Hedrick (1994) suggested that extinction patterns of inbred lines can be used to infer the type of genetic load responsible for extinction. Viability lethals should not cause much extinction, as they should be effectively purged via selection within families, and line loss due to sterility lethals should be concentrated in a few early generations. On the other hand, detrimentals are expected to cause a much higher extinction rate because of inviability, and the extinction because of sterility should continue to increase with each generation of inbreeding (Hedrick, 1994). However, to discern these differences, about 20 generations of inbreeding would be needed. Moreover, Hedrick (1994) did not simulate joint effects of line sterility and inviability. In this study, 77% of all extinctions were because of sterility; simulations allowing both causes of line extinction to operate simultaneously (Radwan, in preparation) suggest that such a situation (ie most extinctions due to line sterility) will occur when the number of loci for sterility and for viability is similar (assuming the same average selection coefficient per locus for both traits). For the extinction rates for both causes to be more equal, the number of loci affecting viability needs to be a few times larger than the number of fertility loci. This is because under a design similar to that used in the present study, selection against steriles can only operate via line extinction, and not via within-family selection.
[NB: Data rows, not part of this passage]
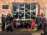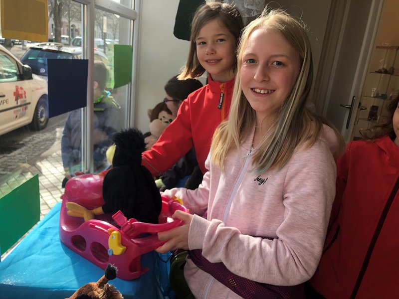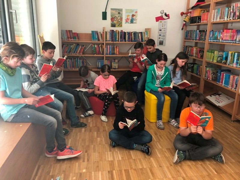 Nachdem die Kinder der vierten Klasse das Buch gelesen und sich intensiv damit auseinander gesetzt hatten, wurden Gruppen für die Gestaltung des Lese-Schaufensters gebildet. Die Teams wählten eine Fabel und gestalteten Schilder zur gewählten Geschichte, außerdem suchten sie"Schlüssel-Sätze" oder "Schlüssel-Passagen" Dann wurden die Textstellen im Computerraum getippt und ausgedruckt. Die Fabeln wollten wir szenisch darstellen, daher brachten die Kinder zu den Geschichten passende Stofftiere mit. Im großen Schaufenster des Frisörsalons konnten sogar die großen Kuscheltiere untergebrachten werden. Besonders toll finden wir, dass die Arbeit aus dem Klassenzimmer hinaus in die Öffentlichkeit getragen wird.- Projektleitung: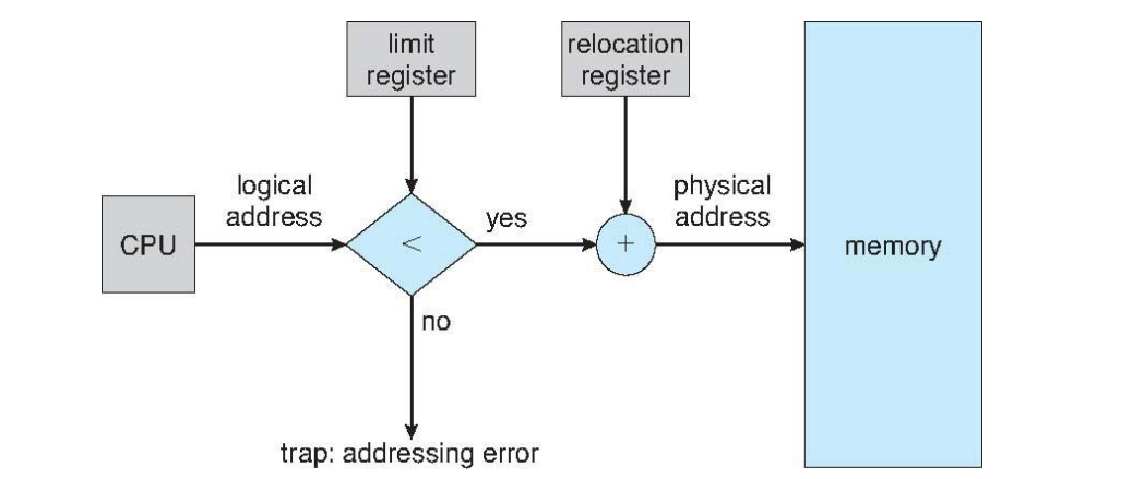 - 运行时,当进程在执行过程中可能被移动到不同内存段时,地址绑定延迟到运行时完成,此时需要硬件支持(如基址和限长寄存器)来动态实现地址转换,从而实现灵活的内存管理与保护。
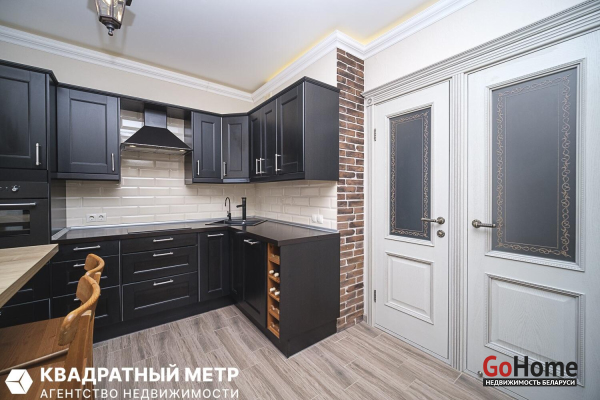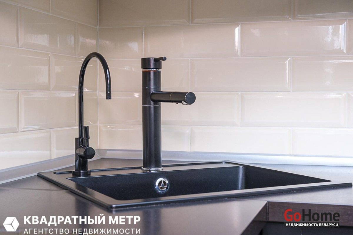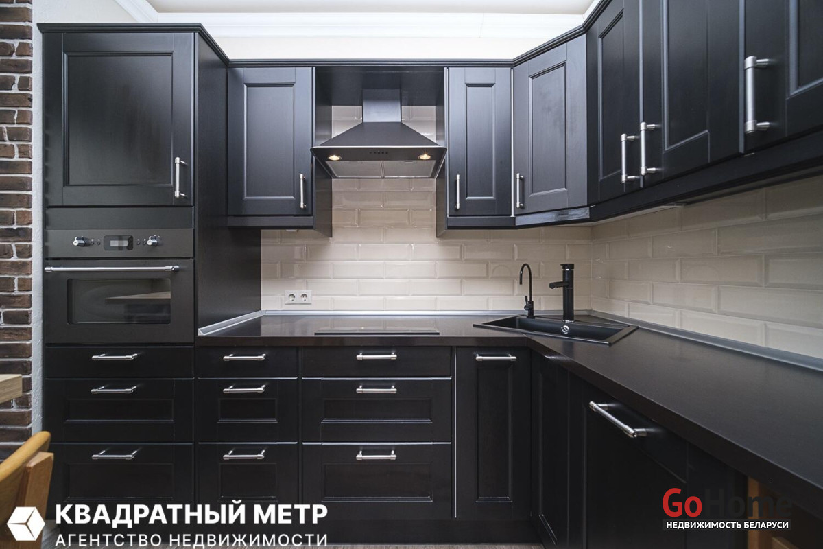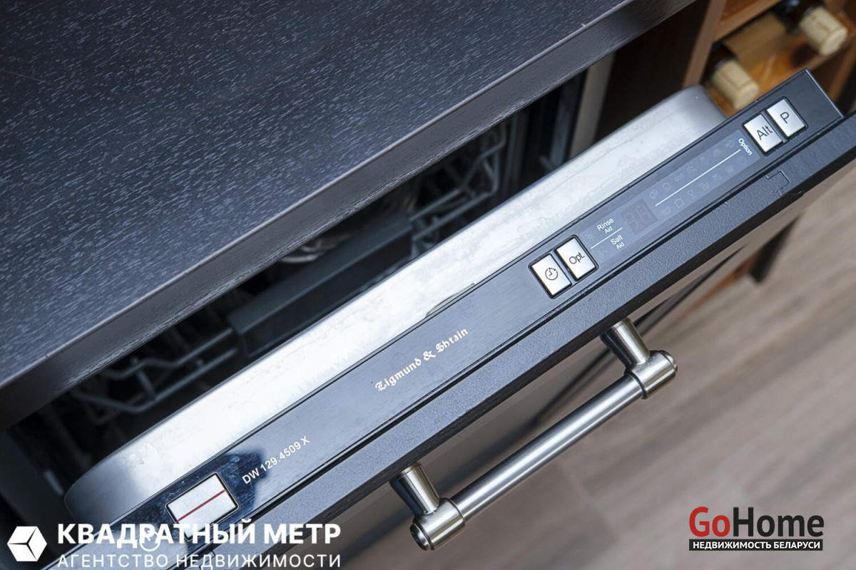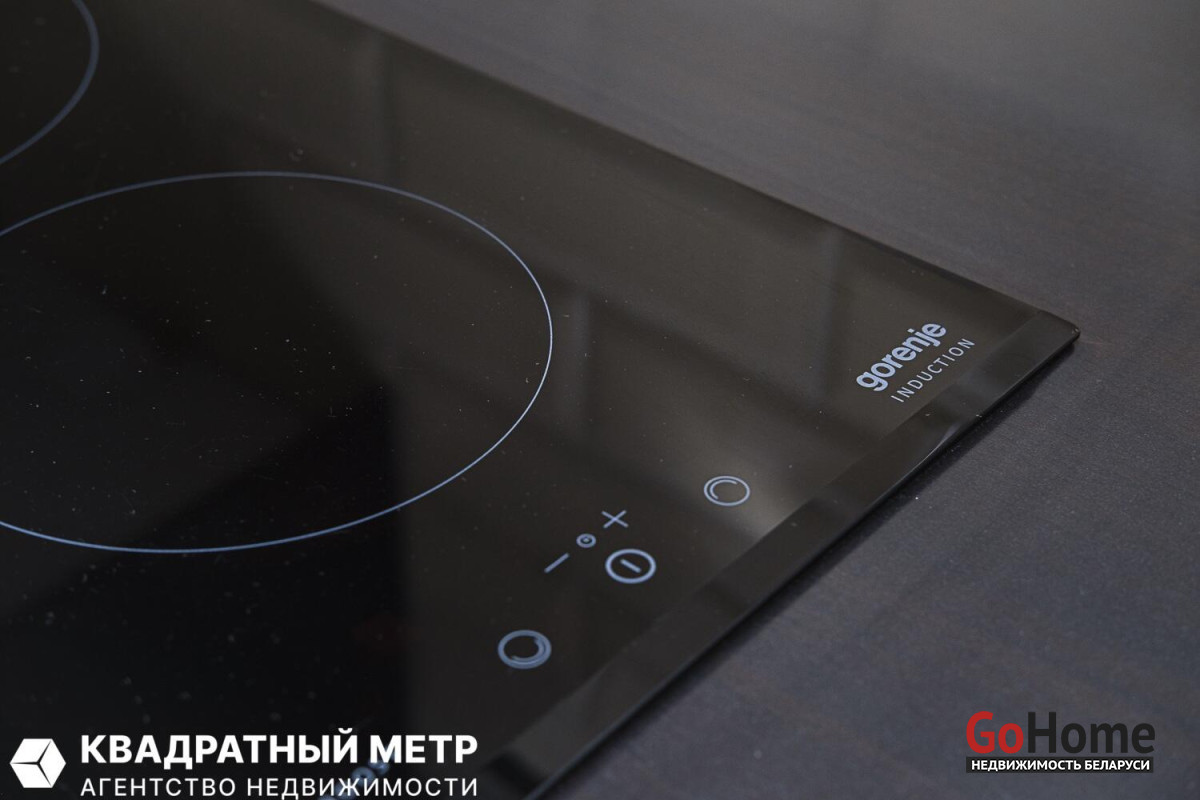 Кухня оборудована всей необходимой техникой: индукционная варочная поверхность, духовой шкаф с функцией СВЧ, вытяжка, встроенный холодильник, посудомоечная машина, раковина со смесителем, система очистки воды.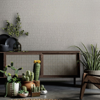 V kolekci objevíte reliéfní listy tvořící souvislé plochy, jemné lesky na lněné struktuře, elegantní motivy jeřábů nebo vzory připomínající skládané látky. Barevná paleta se pohybuje v neutrálních, přírodních tónech, které nechají vyniknout materiál i strukturu.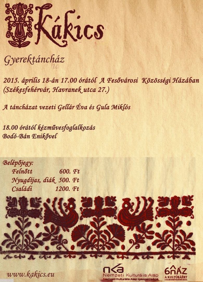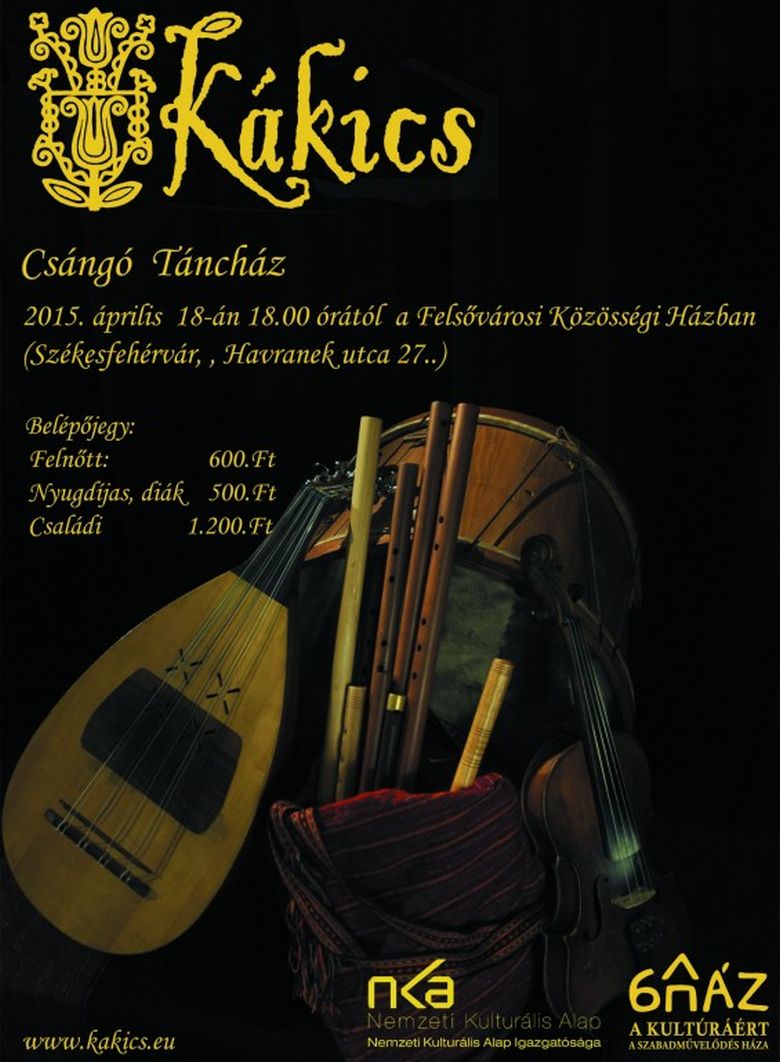 2015. április 18-án táncházba várja a Kákics együttes a vendégeket, a Felsővárosi Közösségi Házban (Havranek utca 27.). Az esemény keretében lesz gyerekjátszó 17 órától, majd ezt követően a felnőttek rophatják a táncot 18 órától. Lesz vendég is a felnőtt táncházban Nagy Ágoston személyében, aki Székelyvéckén tett utazásáról és népdalgyűjtéseiről mesél.

Another potential application of the analysis of line extinction is in the assessment of individual mutational loads. The number of deleterious mutations carried by an individual will influence the probability of extinction of inbred lines derived from it (Hedrick, 1994). This will not only be true for recessive genes that cause inbreeding depression, but also for completely additive genes (Hedrick, 1994). More modelling and experimental effort is needed to determine the predictive power of this association. The data collected in the present study are encouraging. There was a significant negative association between the number of lines extinct and the fecundity of females from which the lines were derived. In Drosophila female, fecundity seems to represent a large mutational target (Houle, 1998). In R. robini, heritability of fecundity was estimated at 27% (Radwan et al, unpublished manuscript), so it seems plausible that in this species also variation in fecundity is caused, to a significant extent, by deleterious mutations, and that higher rates of extinction reflected higher mutation loads of founder females. A similar design could be used to test hypotheses concerning genetic quality of individuals, such as recent ‘good genes’ models of sexual selection that assume genetic variance in male quality to be caused by deleterious mutations (Houle and Kondrashov, 2002).